AVM icon indicating copy to clipboard operation
AVM copied to clipboard

Remove Blockchain.getStorage / Blockchain.putStorage

Open fulldecent opened this issue 6 years ago • 12 comments

The function signature for Blockchain.getStorage / Blockchain.putStorage encourages boilerplate code and this results in unsafe implementations.

  1. Assumption: every contract using Blockchain.putStorage are implementing hashmaps/arrays
  2. Assumption: every contract using Blockchain.putStorage has 2 or more hashmaps/arrays
  3. Now therefore, the following will be best practice for every contract:
private enum StorageSlots {
    NamesArray,
    BalancesHashMap
}

Blockchain.putStorage(
    Blockchain.blake2b(
        AionBuffer.allocate(SOMETHING_GOES_HERE)
                .putInt(StorageSlots.NamesArray.toString())
                // .put* PUT OTHER STUFF HERE
                .getArray();
    ),
    SOME_VALUE
);

Therefore, in every case, the boilerplate can be factored out at least to:

Blockchain.putStorage(
    STORGE_SLOT,
    SUB_SLOT,
    SOME_VALUE
);

where SUB_SLOT can be null or any value. And then this new function will apply Blockchain.blake2b to SUB_SLOT.

In every case it seems that this API would be safer, semantic and reduce verbosity, therefore I recommend that this replace the existing API.

References

  • --NO LINK YET-- Will's upcoming AIP

fulldecent avatar Jul 12 '19 18:07 fulldecent

Might need something a little more nuanced for the case where a contract inherits another contract that uses key-value storage on its own.

fulldecent avatar Jul 12 '19 18:07 fulldecent

This can be considered, subject to patterns we see being used, in the AVM 2.0 timeframe as it changes (or at least adds) API.

jeff-aion avatar Jul 15 '19 15:07 jeff-aion

Thanks for the feedback. An implementation is here

https://github.com/fulldecent/aion-aip010/blob/master/src/main/java/org/aion/AIP010KeyValueStorage.java

and the use site https://github.com/fulldecent/aion-aip010/blob/master/src/main/java/org/aion/AIP010.java#L81

My main concern now is finding if this approach will be considered best practice.

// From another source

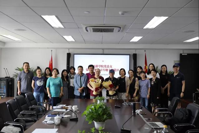 本次主题党日是电影公司党总支成立后的第一次组织生活,在正式开始学习和交流的之前,电影公司党总支为两位退休成员——詹新老师和方虹老师举行了简短而温馨的欢送仪式。韩永胜书记和王春云副书记向两位老师颁发了退休证,青年教师代表送上了鲜花和贺卡。詹新老师和方虹老师分别发表了感言,表达了对组织和同志们的深厚感情,并作为领誓人带着全体支部成员重温入党誓词。
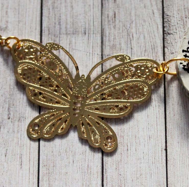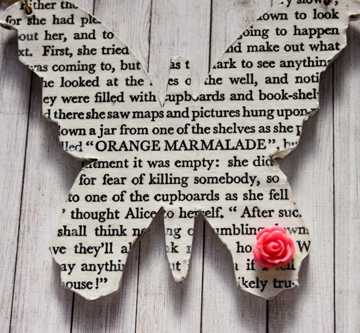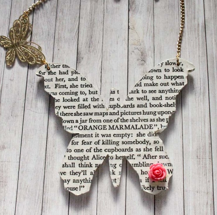 A wooden laser cut butterfly has been decoupaged with a page from the wonderful 'Alice in Wonderland'. The paper has been seals with mod podge. A great piece for Book lovers, Alice lovers, Butterfly lovers. It's the necklace for everyone!

fulldecent avatar Jul 16 '19 03:07 fulldecent

Talking with people on this side, this sounds like something we would just add to the userlib, as it avoids duplication in a fairly common-case. The only real question of how to best approach this is in what is passed in as the namespace key versus the element key. The easiest answer is byte[] but the example you demonstrated with an int from an Enum ordinal is also a compelling idea.

We can proceed with a userlib modification (which doesn't require a hard-fork - it is just something packaged with the contract) if we can figure out the right type and null (or equivalent) behaviour.

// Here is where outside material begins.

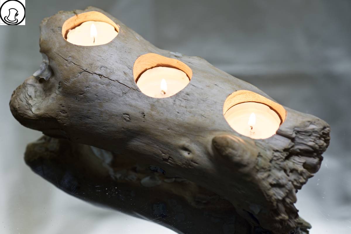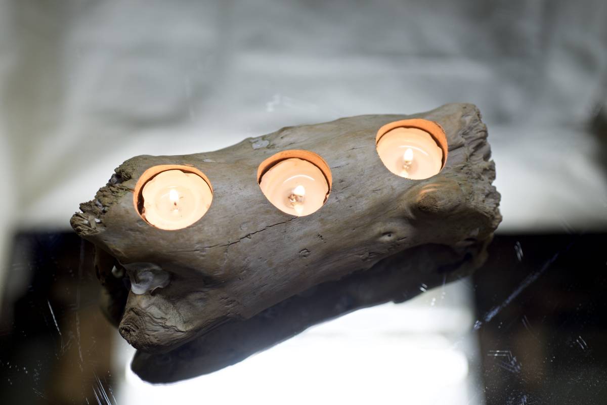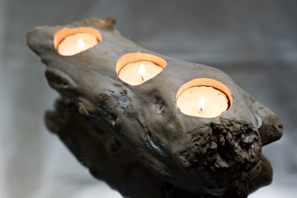 特に魅力的なかっこいい流木に穴を開けてキャンドルを飾るシンプルなデザインで、
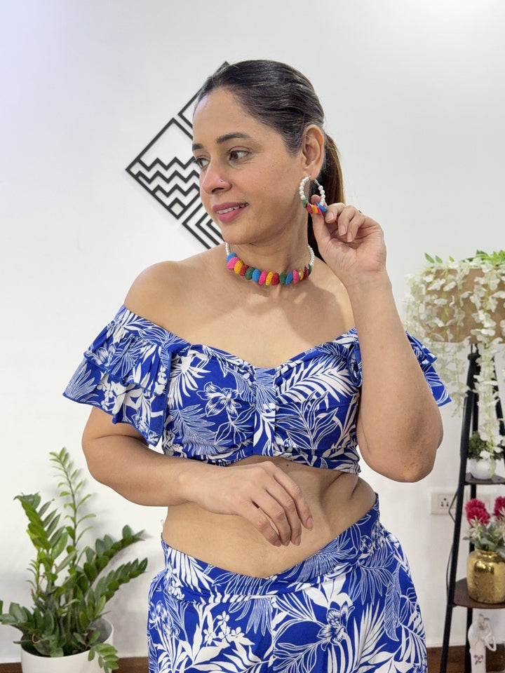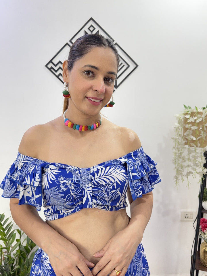Crafted with precision, the necklace features alternating bright-coloured shells and lustrous pearls, creating a captivating contrast that's sure to turn heads. The matching hoop earrings perfectly complement the necklace, making this set an ideal choice for both western and Indian wear.

jeff-aion avatar Jul 19 '19 20:07 jeff-aion

Thanks for checking into this. At the most general case we are addressing the key-value store using a variable-length tuple (i.e. vector).

These tuples should be fully qualified. In other words we must encourage code reuse patterns where methods AND STORAGE KEYS are defined in multiple files. Below is an all-encompassing use case which explains every type of storage situation Aion will ever encounter in a key-value store as a basis for defining how the user lib should work.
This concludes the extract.